Assigned task:
Give the lines again exactly as they appear below, from the line with "Wanita Seluar Kasual" to the line with "Inspirație și învățare", both included, and only those lines. Leave every picture out.

(Provided entries)

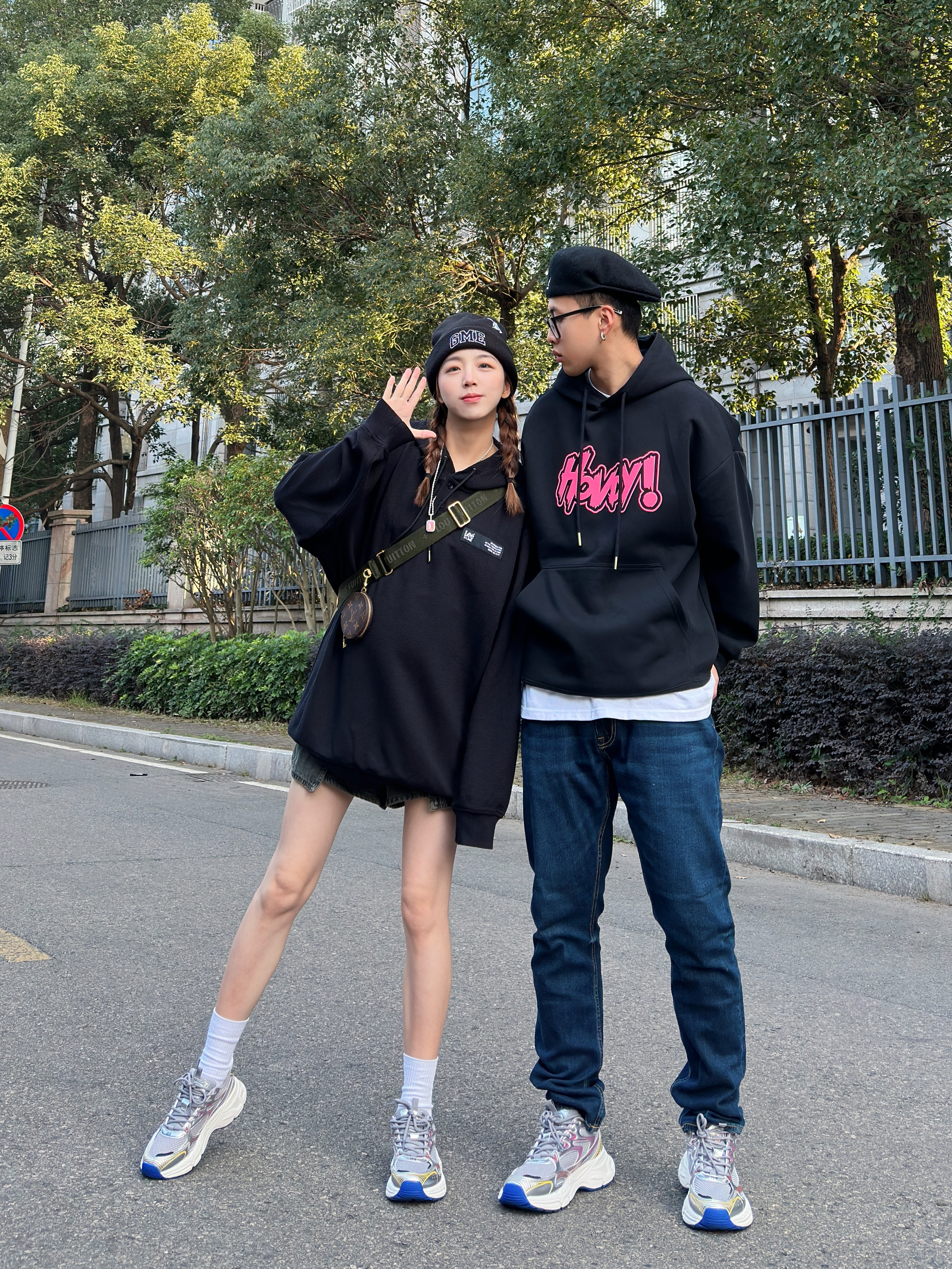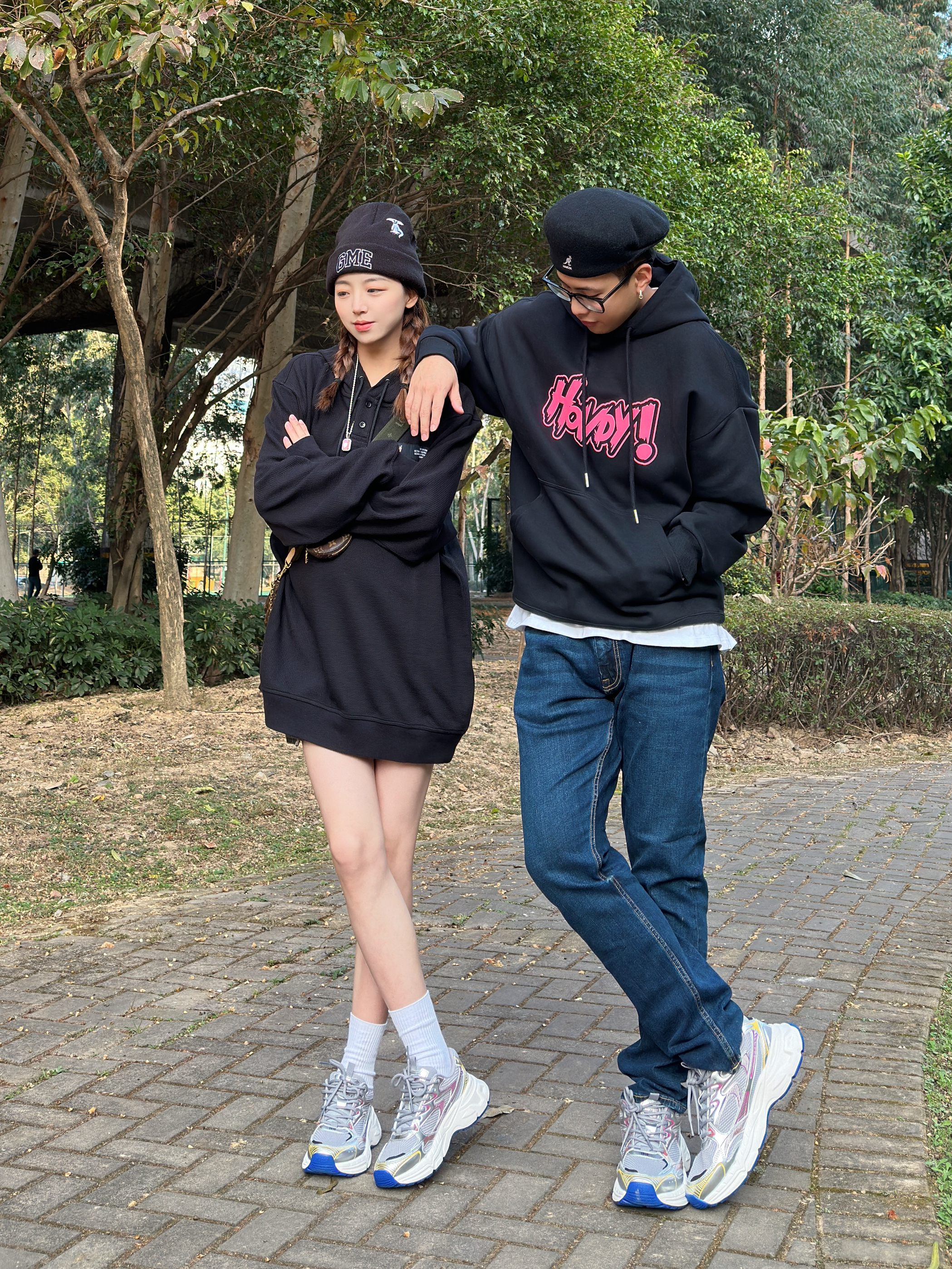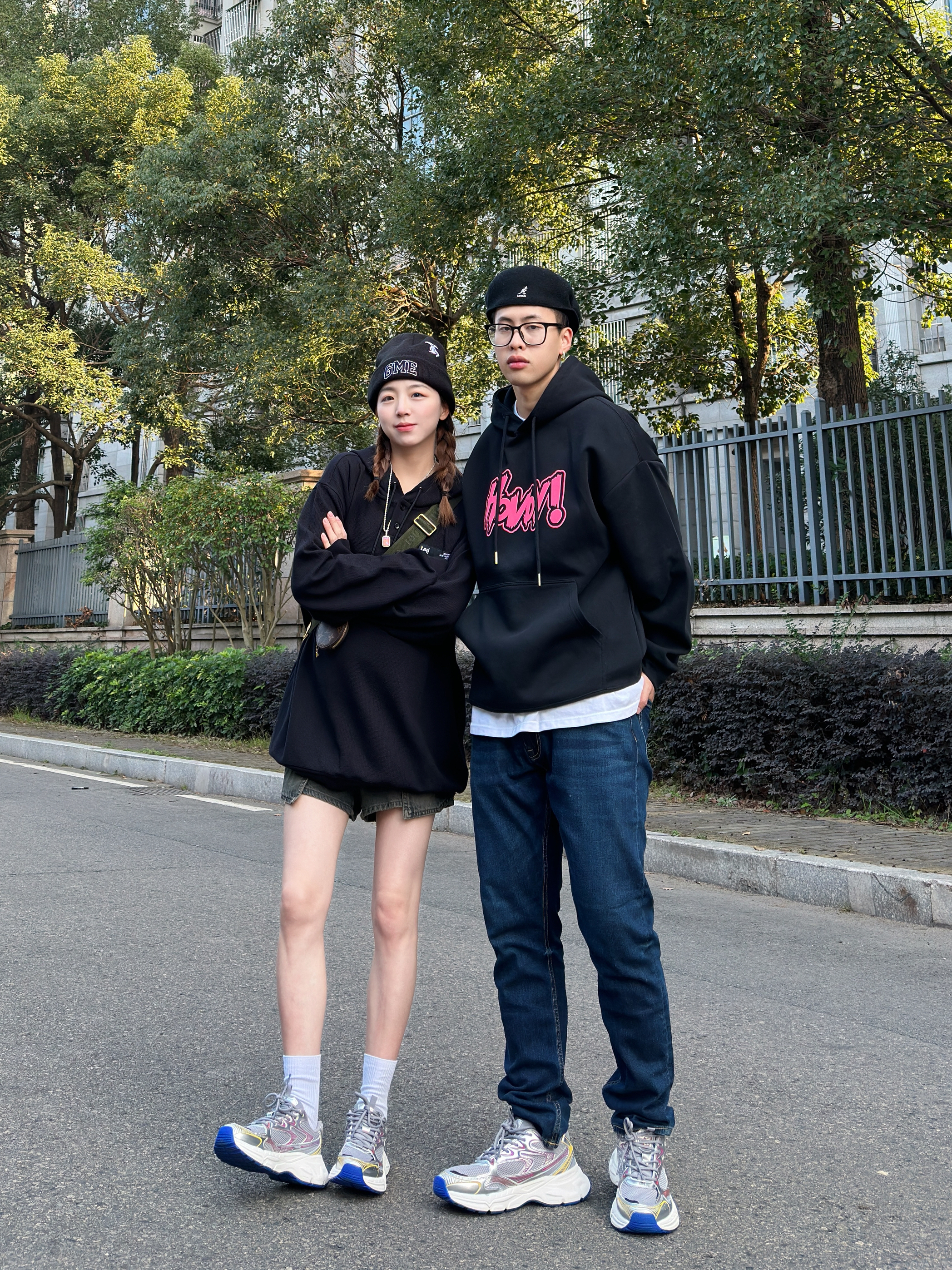 ———新年look——— 今日情侣穿搭主题:卫衣怎么搭 - 👨:182/75 黑色的卫衣搭配上粉色的趣味logo 再搭配上一条深蓝色的修身牛仔裤 鞋子搭配了灰银色的kappa 老爹鞋 今日的美式复古感是鞋子给的~ - 👧:168/48 黑色的卫衣+水洗短裤 显瘦显高就这么穿 新年的第一双情侣鞋 搭配这套再合适不过了~
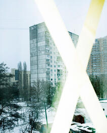 UKRAINE. Kyiv. 12 January 2023. Windows taped against the potential bomb explosion. It's been almost a year since the full scale invasion of Ukraine by Russia. The suburbs of Kyiv suffered from significant devastation of civilian infrastructure in the first phase of the war. Irpin, Hostomel and Bucha have become a symbol of brutal war crimes committed against civilians by the Russian soldiers. Ukrainians try to reorganize their lives after the withdrawal of the invading troops from the Kyiv region, but a large part of the destroyed residential districts, shopping centers and gas stations still remain abandoned and uninhabited. Many places have become the memorials of heavy fights and victories over the Russian army.
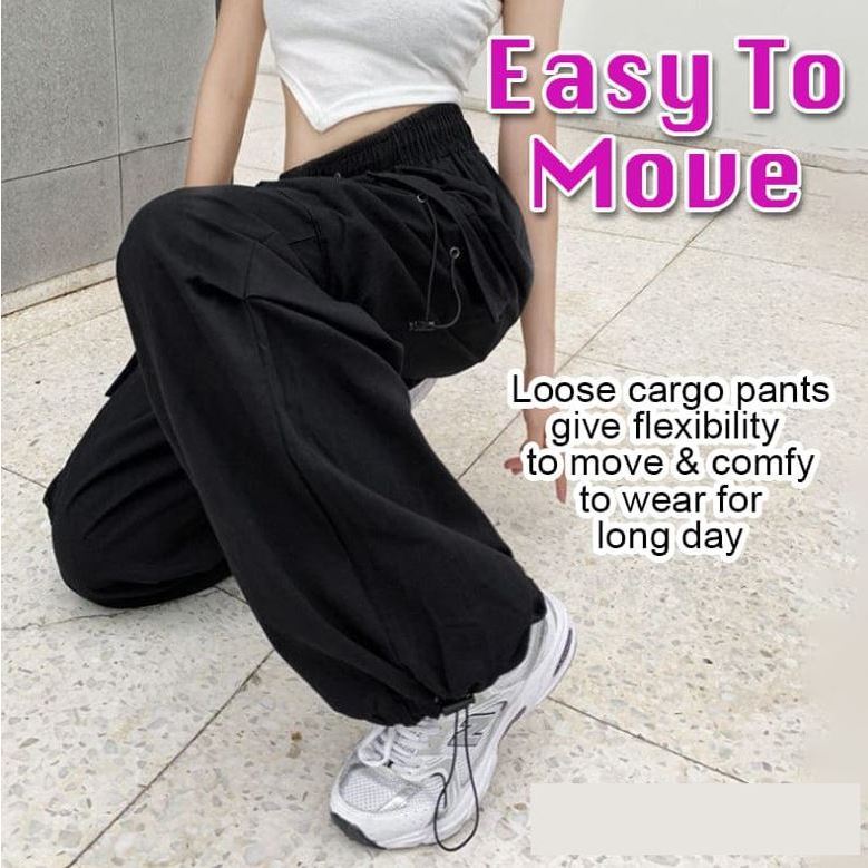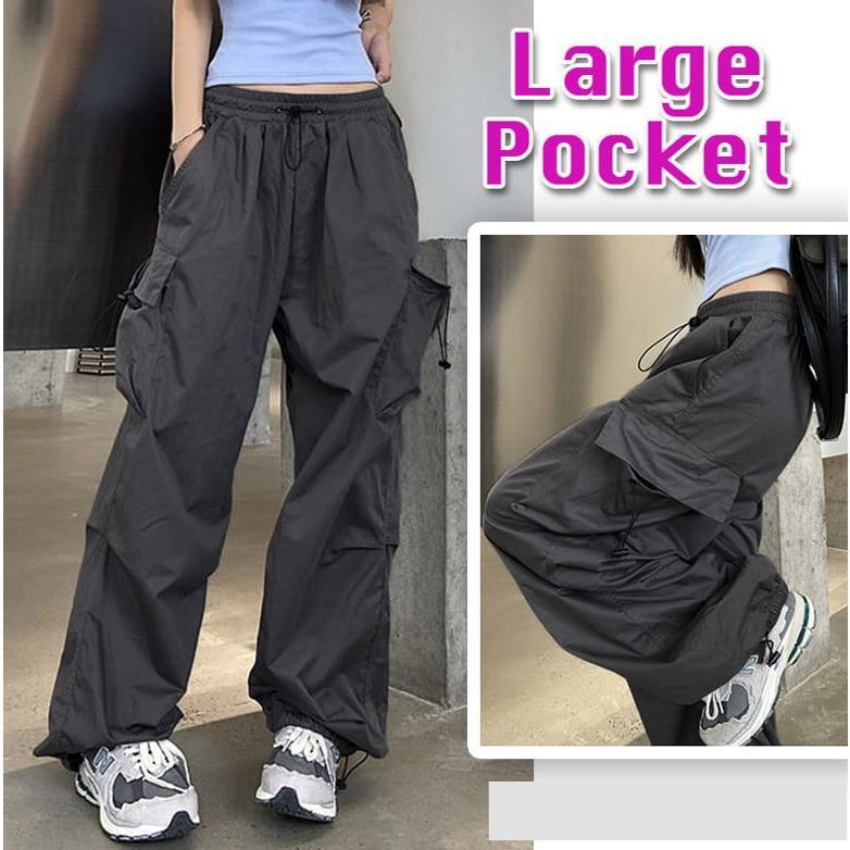 Wanita Seluar Kasual Streetwear Cargo Pants Seluar baggy wanita Lebar Kaki Lurus Seluar Panjang Women Casual pant
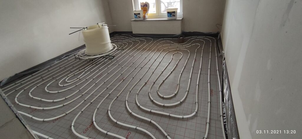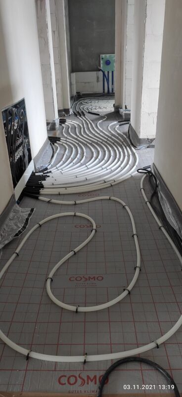 Eine Woche später wurden die Böden mit der Fussbodenheizung installiert und für den Estrich vorbereitet:
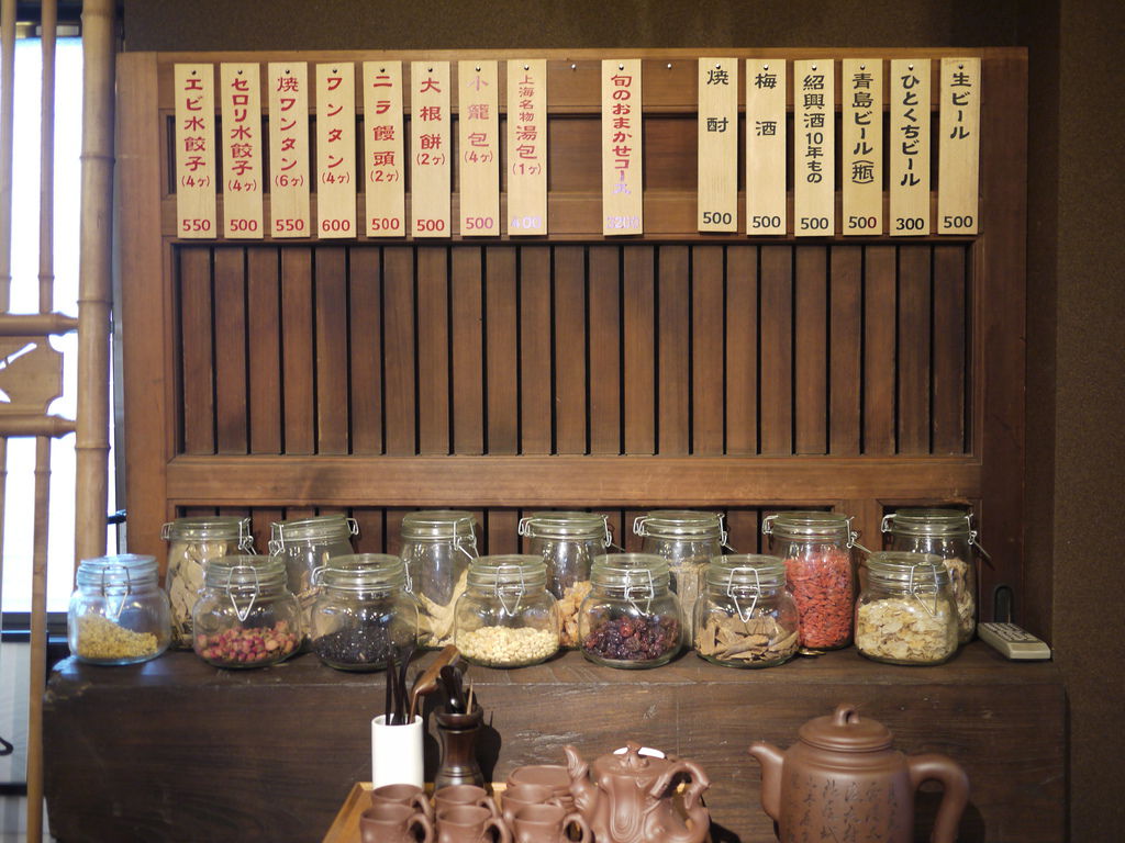 放了一瓶瓶小巧可愛的中藥材還有花茶增添了不少食欲
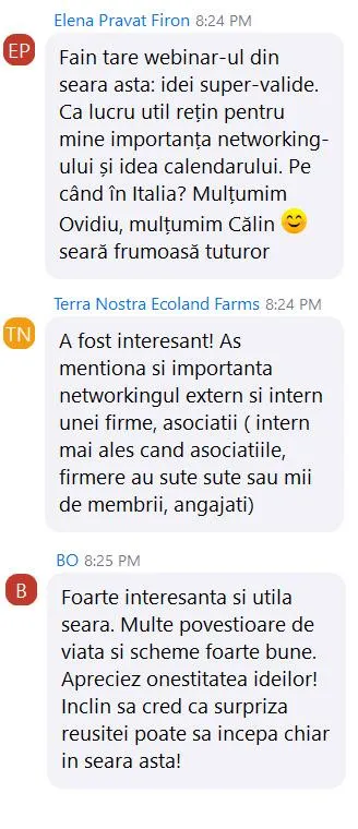 Inspirație și învățare din experiența celorlalți membri
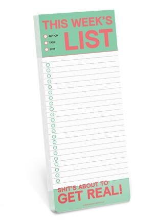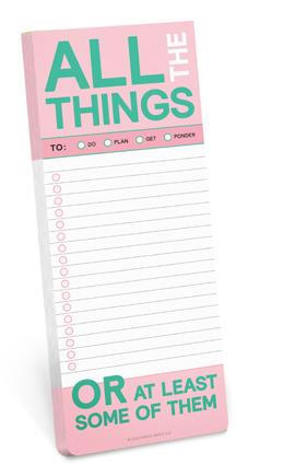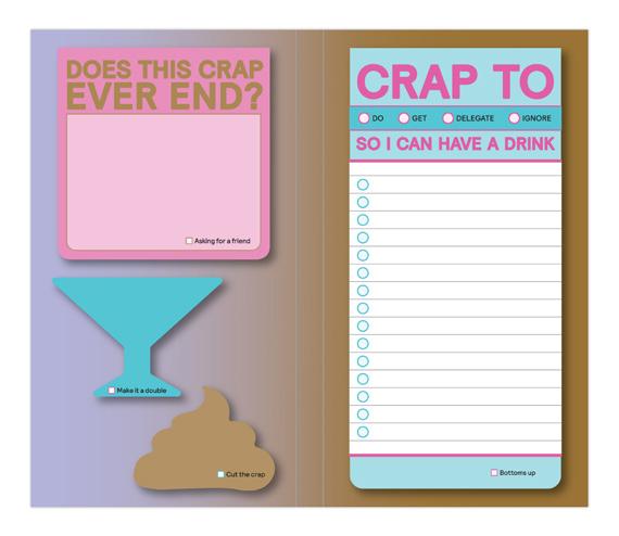 No. 9781683493082 All the Things £4.95 No. 9781683493068 Today’s List £4.95 No. 9781683493075 Groceries & Shit £4.95 No. 9781683493099 Crap to Do £4.95 SPECS: 50 sheets; adhesive binding | SIZE: 3.5 x 9 inches; 8.9 x 22.9 cm | PKG: Shrinkwrapped | INNER: 6 | PRICE: £4.95 MAKE-A-LIST PADS No. 9781683493396 Stuff To Do Today £ 4.95 No. 9781683493419 Hot List £ 4.95 No. 9781683493402 You Got This £ 4.95 No. 9781683493426 Have a Super Day £ 4.95 No. 9781683493679 This Week’s List £4.95 No. 9781683493686 My Legit Goals £4.95 TO ORDER: email info@abramsandchronicle.co.uk • or click here for representation pagePG 26
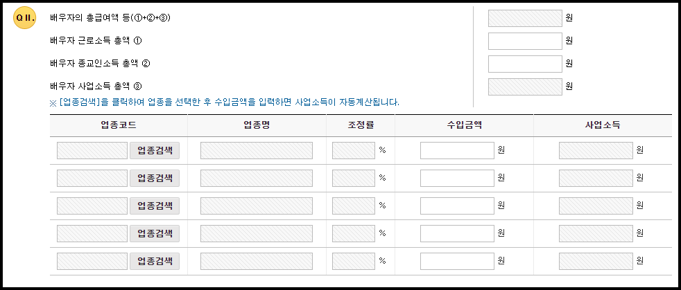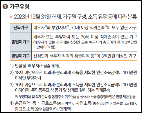 - 맞벌이가구: 신청인과 배우자 각각의 총급여액이 300만 원 이상인 가구.
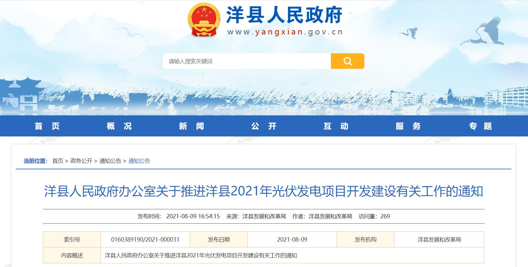 【政策通知】陜西洋縣:2021年擬建集中式地面光伏200MW、分布式光伏180MW
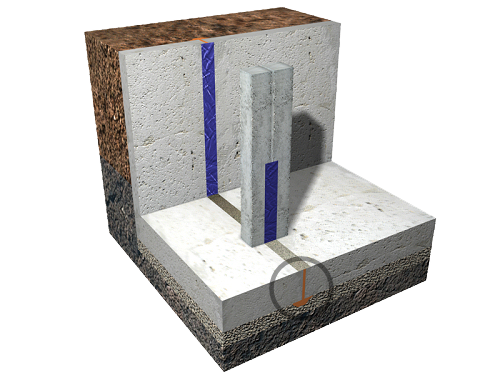 Reparació de junt de dilatació en llosa de fonamentació, per sota del nivell freàtic. Sistema "PANTALLAX", format per sistema Injet-Flex, injecció de resina hidroexpansiva flexible de poliuretà, hidròfoba, (rendiment: 3 kg/m); obertura d'encaixonat de 3-5x25 cm; i segellat de junt, sistema Mortar, amb morter per a reparació i impermeabilització, (rendiment: 18 kg/m). | ||
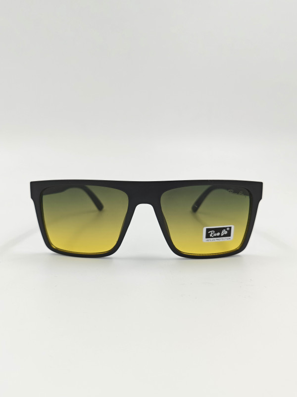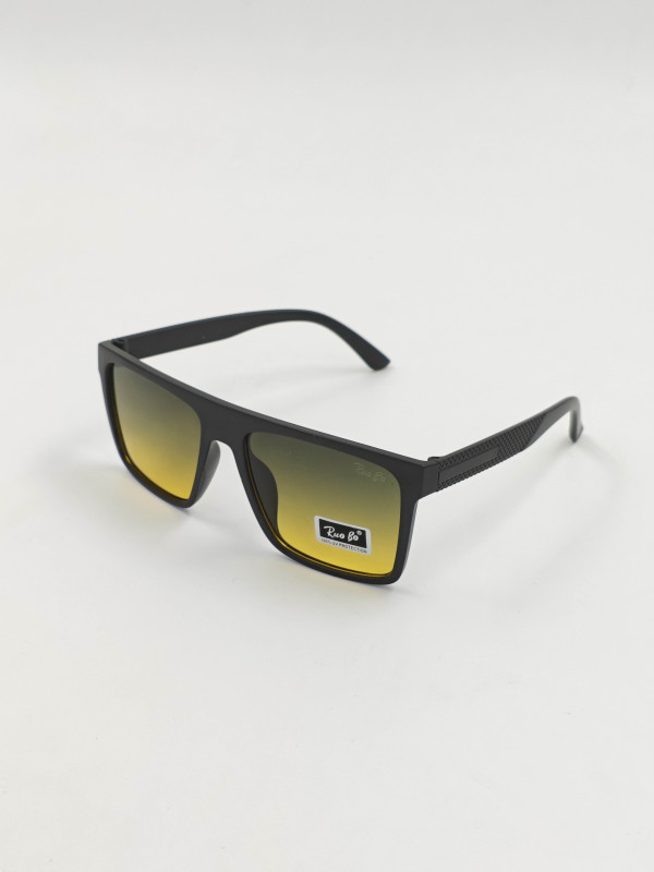 Модель выполнена в прочной прямоугольной оправе из лёгкого пластика, которая не сдавливает виски и надёжно сидит на лице даже при длительном использовании. Линзы обеспечивают 100% защиту от ультрафиолетового излучения, а их градиентный жёлтый оттенок придаёт изображению мягкость и естественность.
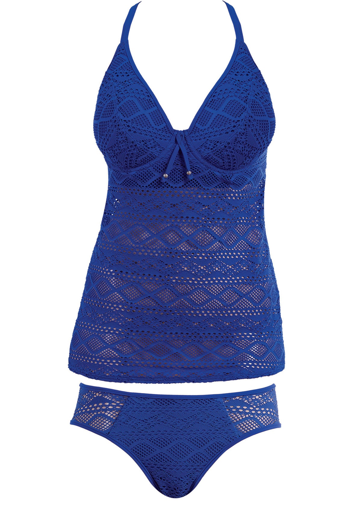 The Sundance Tankini Top combines crochet with striking geometric shapes in Cobalt. Lightly padded foam cups alongside a plunging neckline provide rounded shape, support and a flattering look while convertible adjustable straps can be worn as a halter, over the shoulder or cross back style in cup sizes D-GG.

(End Provided entries)

Expected answer:
 Wanita Seluar Kasual Streetwear Cargo Pants Seluar baggy wanita Lebar Kaki Lurus Seluar Panjang Women Casual pant
 Eine Woche später wurden die Böden mit der Fussbodenheizung installiert und für den Estrich vorbereitet:
 放了一瓶瓶小巧可愛的中藥材還有花茶增添了不少食欲
 Inspirație și învățare din experiența celorlalți membri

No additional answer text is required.